The core ideas behind machine learning have existed since the 1950s. Arthur Samuel built a checkers-playing program that improved with experience in 1959. So why has machine learning exploded in the past decade?
Three factors converged:
More data. The digitization of nearly everything - financial transactions, customer behavior, sensor readings, medical records- has created vast datasets. Machine learning algorithms are hungry for data; more data generally means better patterns and better predictions.
More computing power. The algorithms that discover patterns require enormous computational resources. A calculation that would have taken years in 1990 now takes minutes. Graphics processing units (GPUs), originally designed for video games, turned out to be exceptionally good at the matrix operations that machine learning requires.
Better algorithms. Researchers have developed more sophisticated techniques for finding patterns, particularly in complex data like images, text, and speech. Deep learning represents a significant algorithmic advance that has enabled applications previously thought impossible.
These three factors feed on each other. More data justifies investment in better algorithms and hardware. Better hardware makes it practical to work with more data. Better algorithms extract more value from both.
Machine Learning in Finance
Instead of just listing a lot of applications, let's look at one in detail: credit risk modelling.
Traditional credit scoring uses a fixed formula. The FICO score, for example, weights five factors: payment history (35%), amounts owed (30%), length of credit history (15%), new credit (10%), and credit mix (10%). This formula was developed by statisticians analyzing historical data, then fixed and applied uniformly.
Machine learning approaches credit risk differently. Instead of a fixed formula, the algorithm continuously learns from new data. It might discover that the relationship between debt and default risk is different for different income levels, or that certain spending patterns in transaction data predict default better than traditional credit bureau data.
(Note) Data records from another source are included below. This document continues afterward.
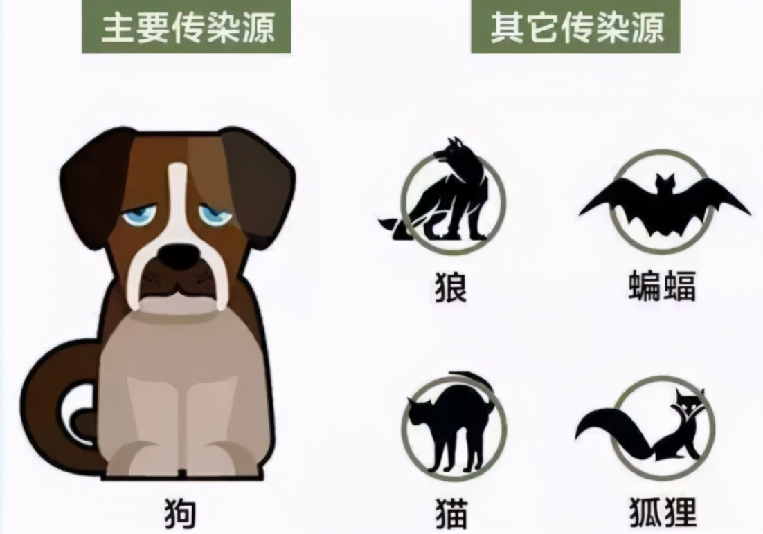 犬科动物是主要的传染源,占99%以上,猫可以引起5%的狂犬病。野生动物中狼,豺,猫鼬,狐狸,蝙蝠都可以传播狂犬病毒。
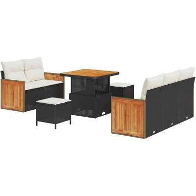 ManoManoGeneral description The Modern Garden Sofa Set offers a stylish seating option for outdoor enthusiasts looking to enhance their spaces with flair and practicality. With its straightforward lines and minimalist design, this set is perfect for outdoor gatherings, relaxing by the pool, or unwinding after a long day. Constructed from durable materials like poly rattan, steel, and wood, it is designed to withstand various weather conditions. Technical specifications Colour: Black Material: Poly rattan Overall dimensions: 80 x 80 x 71 cm (L x W x H) Weight: 46.4 kg Armrest height from seat: 18 cm Seating area: 55 x 55 cm (W x D) Indoor / outdoor: Outdoor only Number of items: 8 Assembly required: Yes EAN: 8721288453143 SKU: 3365195 Brand: vidaXL Compatibility and accessories Includes: 4 x Arm sofas with storage function and water-resistant bags, 1 x Centre seat with storage function and water-resistant bag, 2 x Square stools, 1 x Table Usage Ideal for outdoor gatherings, poolside
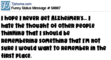 X I hope I never get Alzheimer's... I hate the thought of other people thinking that I should be remembering something that I'm not sure I would want to remember in the first place.

traditional-vs-ml-credit-scoring.png
The advantages are significant. Machine learning models can incorporate hundreds of variables and find complex interactions between them. They can adapt as economic conditions change. Patterns that predicted default in 2019 may differ from patterns that predict default in 2024. They can potentially extend credit to people who would be rejected by traditional scoring but who the data suggests are actually good risks.
Machine learning models also have some limitations. These models can be opaque. It may be difficult to explain why a particular applicant was rejected. They can perpetuate or amplify biases present in historical data. They require careful validation to ensure they generalize to new data rather than just memorizing the training examples.
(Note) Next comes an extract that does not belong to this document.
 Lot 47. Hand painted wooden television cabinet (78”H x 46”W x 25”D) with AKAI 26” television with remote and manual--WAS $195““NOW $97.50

What Machine Learning Is Not
Given the hype surrounding machine learning, it is worth being explicit about what it is not.
Machine learning is not artificial general intelligence. These systems do not "understand" anything in a meaningful sense. A fraud detection system does not know what fraud is. It has learned statistical associations between certain transaction features and the "fraud" label. When patterns change, the system must be retrained.
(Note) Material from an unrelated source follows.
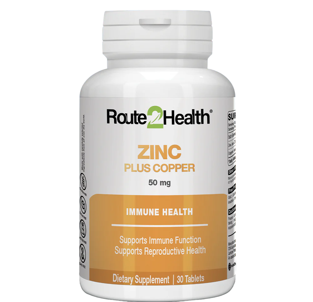Route2Health Zinc Plus Copper is a balanced mineral supplement formulated to support immune function, cellular health, and antioxidant protection. This essential duo plays a key role in maintaining the body’s defense system, skin health, and overall metabolic function.
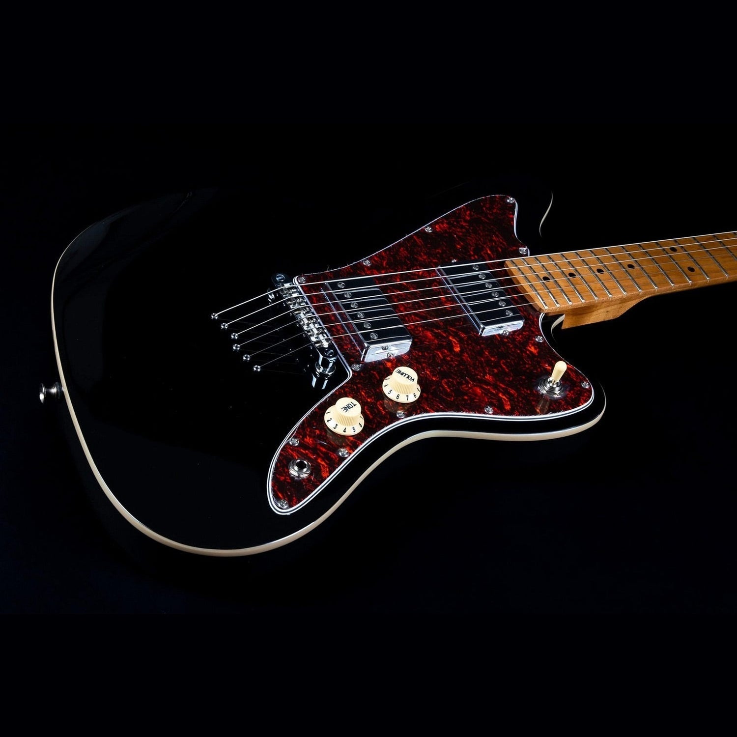 JET JJ-350 BK Offset-E-Gitarre HH Hardtail Gerösteter Ahorn Schwarz

Machine learning is not infallible. If historical data contains biases, the model learns those biases. If the world changes and patterns shift, predictions become unreliable. A model trained on pre-2008 financial data would not have anticipated the patterns of the 2008 crisis.
Machine learning does not replace domain expertise. Someone must decide what problem to solve, what data to collect, what outcome to predict, and whether the predictions make sense. Machine learning is a tool that amplifies human expertise, not a replacement for it.
Related Terminology
There are a lot of words that are used in the same way as machine learning.
Data mining is the process of finding patterns in large sets of data. It is often used in business.
Predictive analytics focuses on making predictions and appears frequently in business intelligence.
Statistical learning emphasizes the statistical foundations and is common in academic settings.
For practical purposes, these fields address the same fundamental problem: learning patterns from data to make predictions or decisions.